GKE supports the following open source tools for optimizing resource utilization.

  • Kueue:a Kubernetes-native workload queueing system designed for batch, AI, and high performance computing workloads. Kueue can be extended to manage other workload types, such as those defined by Custom Resource Definitions like leaderworkerset . Kueue manages quotas and how workloads consume them in a Kubernetes cluster. Kueue makes decisions about when a workload waits, when a workload starts (for example, by creating the Pod), and when a Pod belonging to a workload gets preempted.

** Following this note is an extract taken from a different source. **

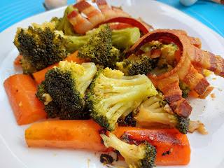Ispržiti listove slanine sa malo ulja pa kad zarumene izvaditi i tu dodati beli luk na pola sečen pa zatim brokoli na cvetiće i šargarepu na komade. Dodati 50 ml vode smanjiti i poklopiti. Dinstati oko 10 minuta da voda ispari i malo se zapeče brokoli i šargarepa.

    For more information about Kueue, see the Kueue concepts documentation.

  • Hotswap:a technique that reduces mean time to recovery (MTTR). Hotswap enables preemption based on workload priority when cluster resources are fully utilized and no additional capacity is available, either from on-demand instances or existing reservations.

    • When a node that hosts a workload becomes unhealthy, the workload is rescheduled on eligible spare nodes. If no spare nodes are available, Hotswap can preempt a lower-priority workload to make room for the workload being recovered.
    • If you configure your Pods with PriorityClass , the workload configured with higher priority evicts a running low-priority workload to acquire its resources. This eviction process is known as preemption.

Use cases

Use the following table to understand the best practices for each use case:

Use case
Best practice
Description
Multiple workloads with different priorities
Use Kueue to define queues and assign priorities to workloads based on their importance. Kueue can manage quota so that certain teams or projects have access to a set amount of resources.

Kueue lets you apply the following configurations:

  • Prioritize high priority Jobs by assigning higher Kueue WorkloadPriority to them.
  • Enable Kueue's fair-share queuing so that all workloads eventually receive resources, even low-priority ones.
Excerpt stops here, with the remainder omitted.